Records contained in a dataset
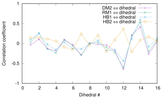 Previously, we employed the diffusion map (DM) method to extract the collective variables (CVs) of chignolin [10] and discussed the correlation between a dihedral angle of glycine and the DM coordinates and relaxation mode (RM) coordinates. To look into more detail of such correlations, we calculated the Pearson correlation coefficients between several collective variables (second DM coordinate, first RM coordinate, and two hydrogen bond distances between Asp3O and Gly7N named HB1 or between Asp3N and Thr8O named HB2) and 16 dihedral angles () of chignolin in Figure 4. For the numerical protocols for the DM and RM coordinates, see the previous papers [10,38]. We see that except HB2, the correlations are good, indicating that HB1 is a “good” CV since we know that the second DM and first RM coordinates are good CVs. In addition, the absolute values of the coefficients are the largest at the 12th and 14th angles (except HB2), which are the ’s of glycine and threonine, indicating the importance of these two residues for conformational change.
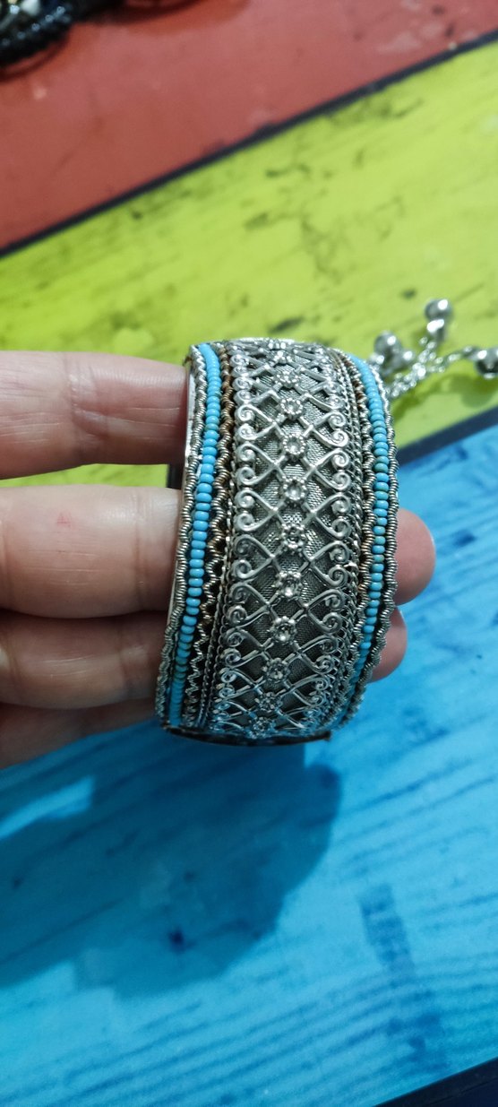 Turkuaz boncuklar ve işlemeli desenlerle süslenmiş bohem tarzda kadın bilekliği, düğünler için uygun.
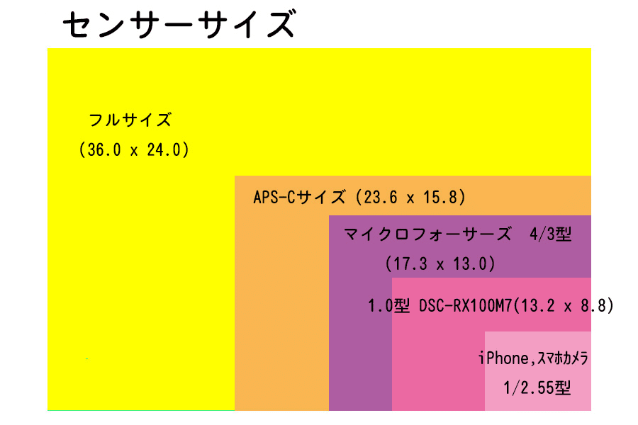 iPhoneとDSC-RX100M7のセンサーサイズをだいたいで図にすると、こうなります!!
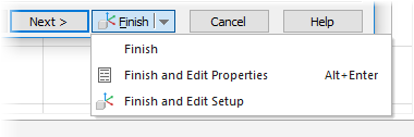 Finish and Edit Setup — Accept the default settings in the remaining pages, close the wizard, and display the Setup Properties dialog, which enable you edit the current Setup.
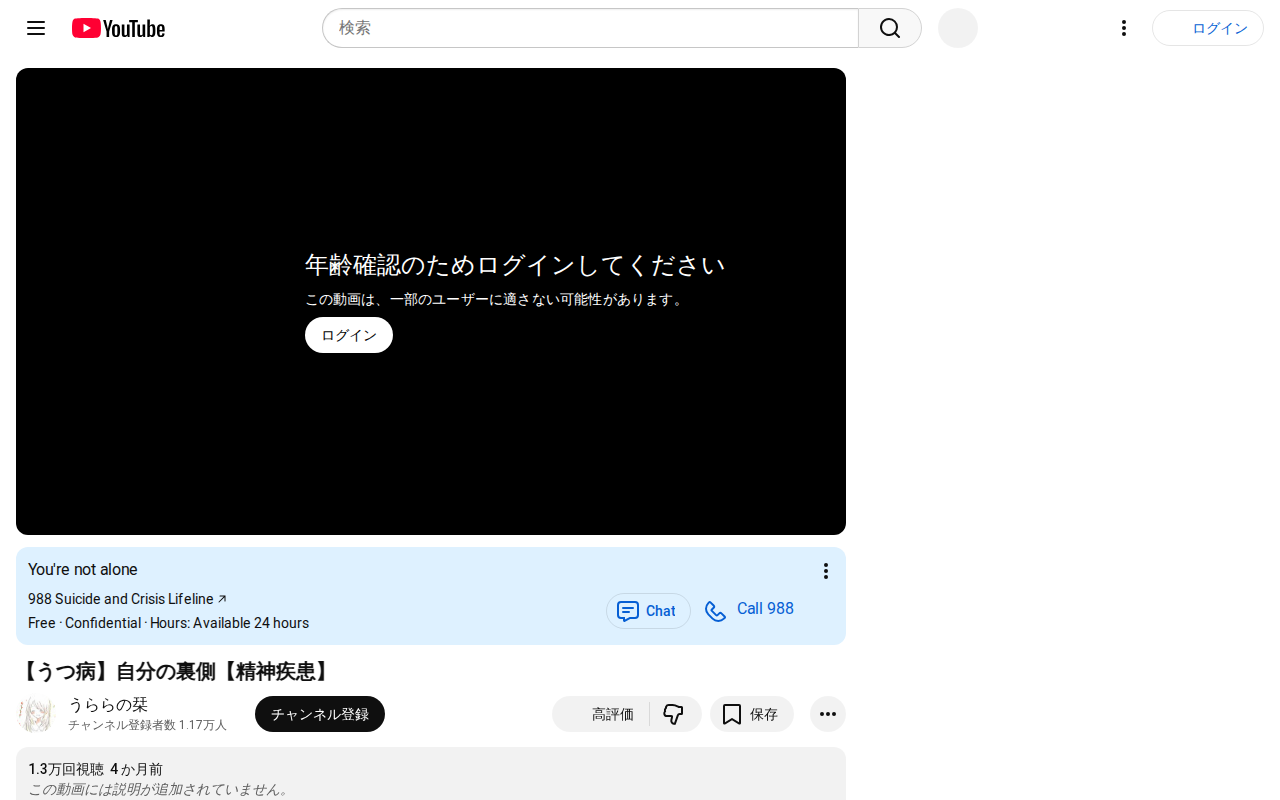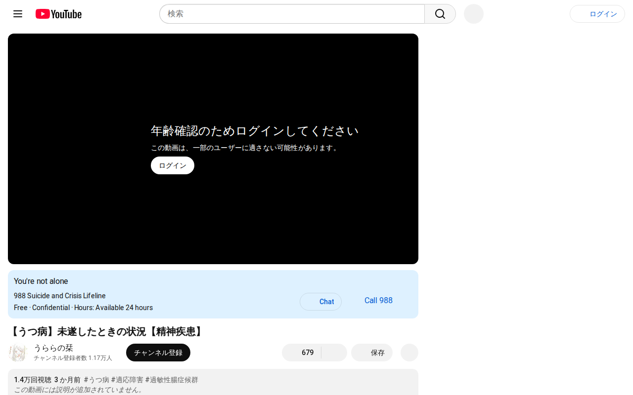 このページはうつ病と精神疾患に関するYouTube動画です。うつ病の患者が自殺未遂時の状況について語る内容となっており、年齢制限がかけられています。動画には詳細な説明文が記載されていませんが、うつ病、適応障害、過敏性腸症...
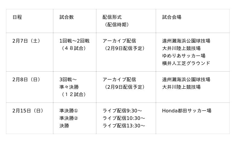 また、2月15日(日)に行われる決勝と準決勝2試合は、更に次世代型ライブ配信サービス「STADIUM TUBE Touch(別添2.参照)」を活用し、AIカメラのほか複数のカメラ映像をタブレット操作により切り替え、テレビ中継のようなリッチな配信を行います。さらに実況を加え、視聴者の方々とリアルタイムのコミュニケーションを楽しみながら、一緒に試合を盛り上げたいと思います。
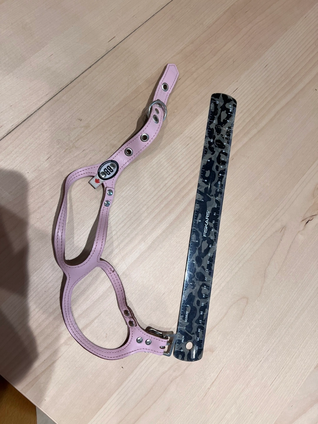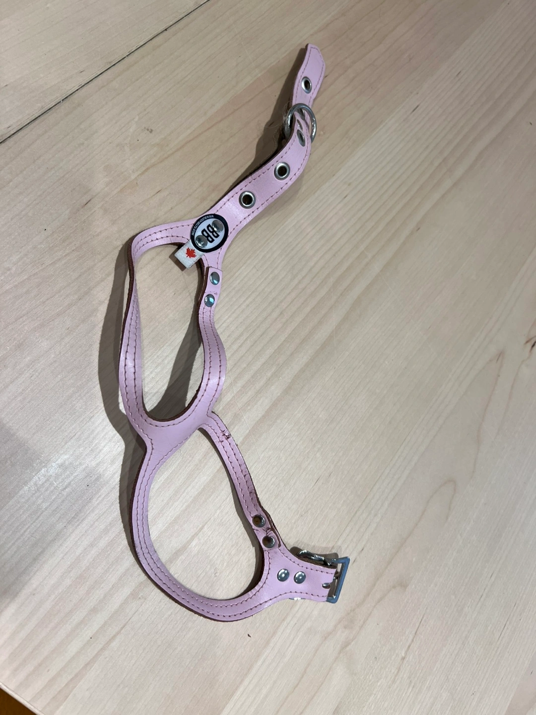 Originally $95 I don’t have a size just the photo with the measurement, it’s for a very small pup Buddy Belt enhances proper function, health and safety. Each BUDDY BELT is handcrafted in Toronto Canada with attention paid to every detail. The quality of the product is the result of continued efforts to make it the best. Class Art Productions Inc. makers of BUDDY BELT strives for 100% customer satisfaction. Its unique patented design reduces stress on your pet's neck is easy to use and is made with 100% leather and quality hardware.
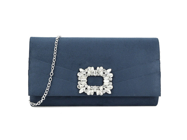 Style any outfit with this faux suede clutch bag with a feature crystal embellishment.
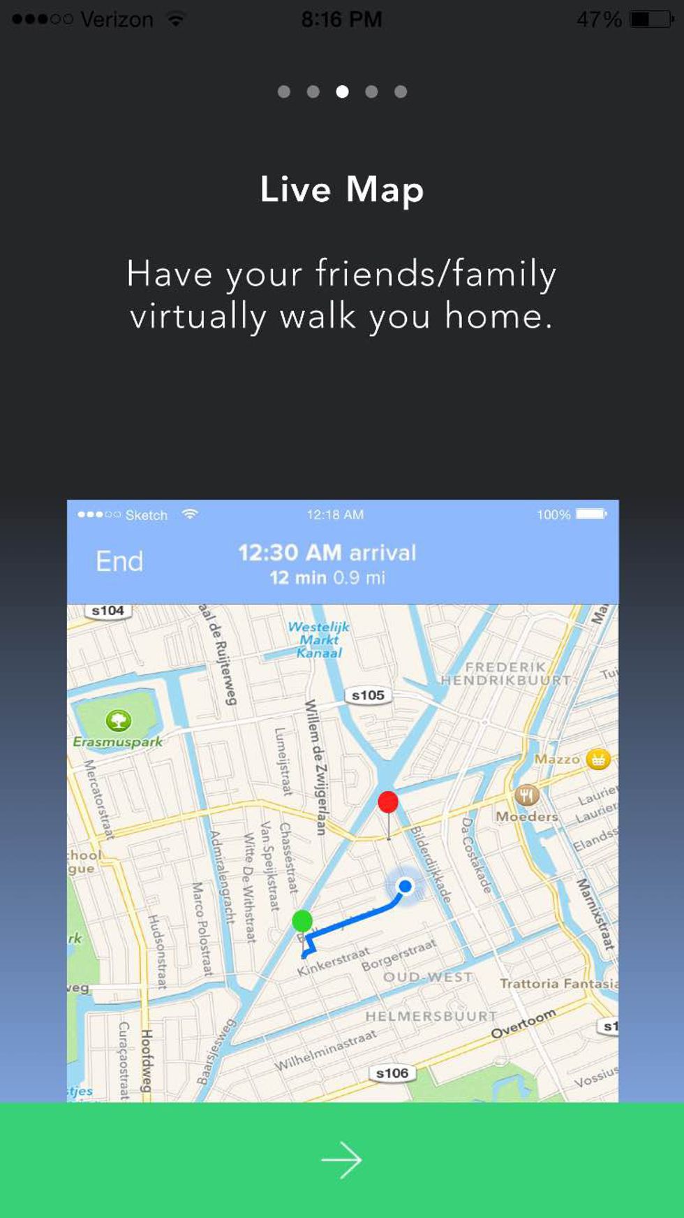 So whether you're walking home in the middle of the night from the library, from the bars, or from a basketball game, now you can have the assurance of someone virtually there with you the entire way. They even put a button to let your companion know if you feel nervous, or if police need to be called. The best part is that the companion you are contacting does not have to have the app to walk you home. Here's how it works:

◆ ACTIVITY: This calls for each record above to be set down exactly, with the images skipped.

◆ TASK SOLUTION:
 Previously, we employed the diffusion map (DM) method to extract the collective variables (CVs) of chignolin [10] and discussed the correlation between a dihedral angle of glycine and the DM coordinates and relaxation mode (RM) coordinates. To look into more detail of such correlations, we calculated the Pearson correlation coefficients between several collective variables (second DM coordinate, first RM coordinate, and two hydrogen bond distances between Asp3O and Gly7N named HB1 or between Asp3N and Thr8O named HB2) and 16 dihedral angles () of chignolin in Figure 4. For the numerical protocols for the DM and RM coordinates, see the previous papers [10,38]. We see that except HB2, the correlations are good, indicating that HB1 is a “good” CV since we know that the second DM and first RM coordinates are good CVs. In addition, the absolute values of the coefficients are the largest at the 12th and 14th angles (except HB2), which are the ’s of glycine and threonine, indicating the importance of these two residues for conformational change.
 Turkuaz boncuklar ve işlemeli desenlerle süslenmiş bohem tarzda kadın bilekliği, düğünler için uygun.
 iPhoneとDSC-RX100M7のセンサーサイズをだいたいで図にすると、こうなります!!
 Finish and Edit Setup — Accept the default settings in the remaining pages, close the wizard, and display the Setup Properties dialog, which enable you edit the current Setup.
 このページはうつ病と精神疾患に関するYouTube動画です。うつ病の患者が自殺未遂時の状況について語る内容となっており、年齢制限がかけられています。動画には詳細な説明文が記載されていませんが、うつ病、適応障害、過敏性腸症...
 また、2月15日(日)に行われる決勝と準決勝2試合は、更に次世代型ライブ配信サービス「STADIUM TUBE Touch(別添2.参照)」を活用し、AIカメラのほか複数のカメラ映像をタブレット操作により切り替え、テレビ中継のようなリッチな配信を行います。さらに実況を加え、視聴者の方々とリアルタイムのコミュニケーションを楽しみながら、一緒に試合を盛り上げたいと思います。
 Originally $95 I don’t have a size just the photo with the measurement, it’s for a very small pup Buddy Belt enhances proper function, health and safety. Each BUDDY BELT is handcrafted in Toronto Canada with attention paid to every detail. The quality of the product is the result of continued efforts to make it the best. Class Art Productions Inc. makers of BUDDY BELT strives for 100% customer satisfaction. Its unique patented design reduces stress on your pet's neck is easy to use and is made with 100% leather and quality hardware.
 Style any outfit with this faux suede clutch bag with a feature crystal embellishment.
 So whether you're walking home in the middle of the night from the library, from the bars, or from a basketball game, now you can have the assurance of someone virtually there with you the entire way. They even put a button to let your companion know if you feel nervous, or if police need to be called. The best part is that the companion you are contacting does not have to have the app to walk you home. Here's how it works:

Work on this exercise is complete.